The leprechaun takes Bridget to his lair, but realizes a coin is missing. Meanwhile, Cody is considered a prime suspect in Ian's death and Bridget's disappearance. At his house, the leprechaun attacks, demanding his coin back. Morty saves Cody, and they escape to a bar. However, the leprechaun appears there. Morty challenges him to a drinking contest. Morty wins, but the leprechaun escapes, sobering up at an espresso bar and murdering the barista who mocked his height. Noting the leprechaun's weakness for cast iron, Cody and Morty go to the go-kart track office, where Bridget and Cody’s date was supposed to be, to empty the safe, which is made of cast iron, to capture the leprechaun inside.

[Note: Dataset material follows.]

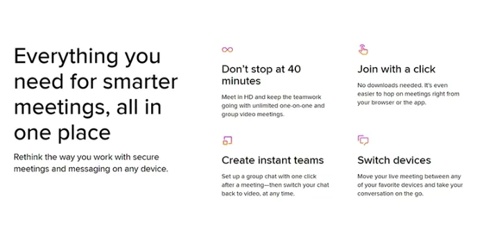The instant messaging platform doesnβt require the need for any kind of downloads. Users can easily switch between meetings and hop from one meeting to another right from the browser to the app.
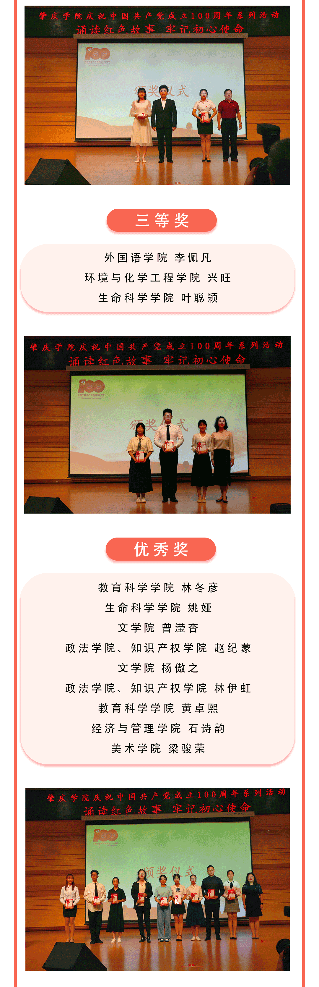 通过聆听选手们诵读红色经典故事,能够感受到中国共产党走过的光辉历程、取得的伟大成就、积累的宝贵经验。这些优秀共产党人不忘初心、砥砺奋进的先进事迹,激励着我们用光辉历史涵养初心使命,用红色文化赓续精神谱系,用信仰之光照亮前行的路。

As the leprechaun prepares to attack Morty, Cody traps him inside the safe by tricking him into jumping through the dog door leading into the office. However, Morty then locks Cody in a supply closet and demands three wishes from the leprechaun, in keeping with the tradition. Morty first wishes for his pot of gold. The wish is vaguely granted, the pot of gold manifesting inside Morty's stomach. The leprechaun says that he can remove it if Morty uses his second wish to free him from the safe. The wish does nothing, and then the leprechaun tells Morty that he has to open the safe manually, which he does. For his third and final wish, Morty wishes for the gold to be removed, which the leprechaun grants by tearing open his stomach and killing him. Cody flees the closet, but is apprehended by the security guard, who accuses Cody of being behind all the murders. The leprechaun then runs over the security guard with a custom go-kart. He attempts to kill Cody, who discovers that possession of the gold makes it impossible for the leprechaun to harm him. The leprechaun disappears, and Cody grabs an iron rod and drives to the leprechaun’s lair. He then enters the lair in search of Bridget.

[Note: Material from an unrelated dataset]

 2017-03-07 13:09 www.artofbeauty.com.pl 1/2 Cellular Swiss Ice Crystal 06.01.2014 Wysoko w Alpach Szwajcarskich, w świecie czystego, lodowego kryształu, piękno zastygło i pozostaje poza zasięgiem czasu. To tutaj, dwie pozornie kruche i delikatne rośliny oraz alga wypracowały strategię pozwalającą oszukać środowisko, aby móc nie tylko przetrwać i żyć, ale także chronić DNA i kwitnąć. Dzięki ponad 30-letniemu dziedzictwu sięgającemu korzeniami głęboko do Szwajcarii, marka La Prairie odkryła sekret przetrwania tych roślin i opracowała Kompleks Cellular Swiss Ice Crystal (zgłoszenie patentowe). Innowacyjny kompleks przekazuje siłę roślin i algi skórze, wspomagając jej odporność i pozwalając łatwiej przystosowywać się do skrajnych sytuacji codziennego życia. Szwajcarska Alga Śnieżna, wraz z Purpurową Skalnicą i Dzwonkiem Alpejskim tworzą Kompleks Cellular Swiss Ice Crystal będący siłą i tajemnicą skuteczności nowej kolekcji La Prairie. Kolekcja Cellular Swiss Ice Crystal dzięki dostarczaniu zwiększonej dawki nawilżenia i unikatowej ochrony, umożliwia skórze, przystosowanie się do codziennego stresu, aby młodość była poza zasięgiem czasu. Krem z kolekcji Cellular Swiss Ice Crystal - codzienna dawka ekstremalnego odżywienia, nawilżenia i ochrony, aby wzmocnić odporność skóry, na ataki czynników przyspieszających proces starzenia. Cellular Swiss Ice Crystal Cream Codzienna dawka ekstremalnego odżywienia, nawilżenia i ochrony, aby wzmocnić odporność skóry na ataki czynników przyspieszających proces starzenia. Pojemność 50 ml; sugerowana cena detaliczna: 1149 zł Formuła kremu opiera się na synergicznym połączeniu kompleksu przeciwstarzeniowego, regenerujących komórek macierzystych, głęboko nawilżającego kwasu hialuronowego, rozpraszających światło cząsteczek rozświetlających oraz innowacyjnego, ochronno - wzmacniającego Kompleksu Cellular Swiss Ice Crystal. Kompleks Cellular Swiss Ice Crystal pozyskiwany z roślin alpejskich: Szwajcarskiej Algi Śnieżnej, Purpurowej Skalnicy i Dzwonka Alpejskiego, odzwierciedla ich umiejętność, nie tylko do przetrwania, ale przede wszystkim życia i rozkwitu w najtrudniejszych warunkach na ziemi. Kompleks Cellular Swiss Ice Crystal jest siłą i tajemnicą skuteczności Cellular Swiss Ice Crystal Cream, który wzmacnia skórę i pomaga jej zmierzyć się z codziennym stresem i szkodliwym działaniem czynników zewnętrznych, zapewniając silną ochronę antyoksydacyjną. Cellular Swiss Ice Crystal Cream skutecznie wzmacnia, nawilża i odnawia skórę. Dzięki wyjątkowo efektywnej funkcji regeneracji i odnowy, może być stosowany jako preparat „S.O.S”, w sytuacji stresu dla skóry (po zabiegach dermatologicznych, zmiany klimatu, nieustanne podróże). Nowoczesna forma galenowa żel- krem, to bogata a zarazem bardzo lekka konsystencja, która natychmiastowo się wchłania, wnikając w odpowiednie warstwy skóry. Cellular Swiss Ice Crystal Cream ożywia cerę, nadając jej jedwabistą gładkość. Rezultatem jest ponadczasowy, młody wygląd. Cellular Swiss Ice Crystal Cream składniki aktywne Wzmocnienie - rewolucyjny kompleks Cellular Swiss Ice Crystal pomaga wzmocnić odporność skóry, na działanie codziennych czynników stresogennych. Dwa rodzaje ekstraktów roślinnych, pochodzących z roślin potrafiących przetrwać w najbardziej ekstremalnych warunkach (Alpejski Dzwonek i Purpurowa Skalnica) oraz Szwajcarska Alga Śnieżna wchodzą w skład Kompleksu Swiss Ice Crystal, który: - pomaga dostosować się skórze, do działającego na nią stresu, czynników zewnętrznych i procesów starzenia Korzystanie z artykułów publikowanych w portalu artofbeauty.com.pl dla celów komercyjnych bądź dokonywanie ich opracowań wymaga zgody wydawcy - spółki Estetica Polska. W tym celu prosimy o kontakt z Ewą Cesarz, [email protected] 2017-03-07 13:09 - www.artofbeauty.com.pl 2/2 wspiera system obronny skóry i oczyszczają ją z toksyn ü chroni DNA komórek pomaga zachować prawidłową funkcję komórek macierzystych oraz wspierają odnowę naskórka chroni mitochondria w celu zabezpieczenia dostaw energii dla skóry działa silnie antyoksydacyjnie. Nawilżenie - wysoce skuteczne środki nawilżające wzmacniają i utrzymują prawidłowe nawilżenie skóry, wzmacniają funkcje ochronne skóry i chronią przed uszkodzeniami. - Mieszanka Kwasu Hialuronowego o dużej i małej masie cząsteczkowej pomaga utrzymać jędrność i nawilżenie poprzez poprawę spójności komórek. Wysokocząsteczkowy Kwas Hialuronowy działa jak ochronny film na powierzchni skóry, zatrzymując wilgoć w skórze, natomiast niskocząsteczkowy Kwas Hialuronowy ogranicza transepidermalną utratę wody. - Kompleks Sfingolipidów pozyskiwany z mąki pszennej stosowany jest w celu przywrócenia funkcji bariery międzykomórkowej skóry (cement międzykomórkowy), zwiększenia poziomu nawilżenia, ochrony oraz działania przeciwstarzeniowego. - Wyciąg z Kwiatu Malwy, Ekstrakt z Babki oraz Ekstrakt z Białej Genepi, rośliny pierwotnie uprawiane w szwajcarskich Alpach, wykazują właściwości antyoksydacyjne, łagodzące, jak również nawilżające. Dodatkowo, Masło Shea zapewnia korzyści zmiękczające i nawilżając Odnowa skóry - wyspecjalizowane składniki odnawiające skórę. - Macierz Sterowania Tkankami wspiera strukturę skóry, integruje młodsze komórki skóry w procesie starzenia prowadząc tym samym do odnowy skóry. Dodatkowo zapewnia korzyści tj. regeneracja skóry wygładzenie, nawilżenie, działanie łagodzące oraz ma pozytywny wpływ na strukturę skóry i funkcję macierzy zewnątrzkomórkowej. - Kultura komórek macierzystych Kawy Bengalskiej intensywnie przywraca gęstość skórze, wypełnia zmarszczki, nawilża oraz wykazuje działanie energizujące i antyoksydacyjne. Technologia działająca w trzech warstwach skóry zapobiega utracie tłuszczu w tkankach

There, Cody frees Bridget. They attempt to escape the labyrinth-like cave, but get separated. Cody finds Bridget, who asks Cody to give her the coin. He complies and she is revealed to be the leprechaun in disguise. The real Bridget reappears and begs the leprechaun to spare Cody. However, the leprechaun forces Cody to stab himself with a cast-iron stake. Cody's death is a ruse (he knew of the trick), as he actually gave the leprechaun a chocolate coin. Still immune to harm, Cody stabs the leprechaun with the stake, causing him to combust. Cody and Bridget escape, discard the coin, and kiss.

== Release ==
In its U.S. opening weekend, the film played in 252 theaters and grossed $672,775. Its final domestic box office was $2.3 million.

== Reception ==
===Critical response===
Leprechaun 2 holds an approval rating of 6% on review aggregator website Rotten Tomatoes, based on 17 reviews.

Kevin Thomas of the Los Angeles Times wrote that it has better writing, production values, acting, and humor than the original. TV Guide stated that the film is an improvement over its predecessor, though "cynically contrived even by schlock horror standards". Marc Savlov of The Austin Chronicle critiqued that the film is a complete rehash of the original. Discussing the rationale for a Leprechaun sequel with Fangoria, Warwick Davis said, "Money's definitely the answer", alluding to a pay increase for his role as the titular villain.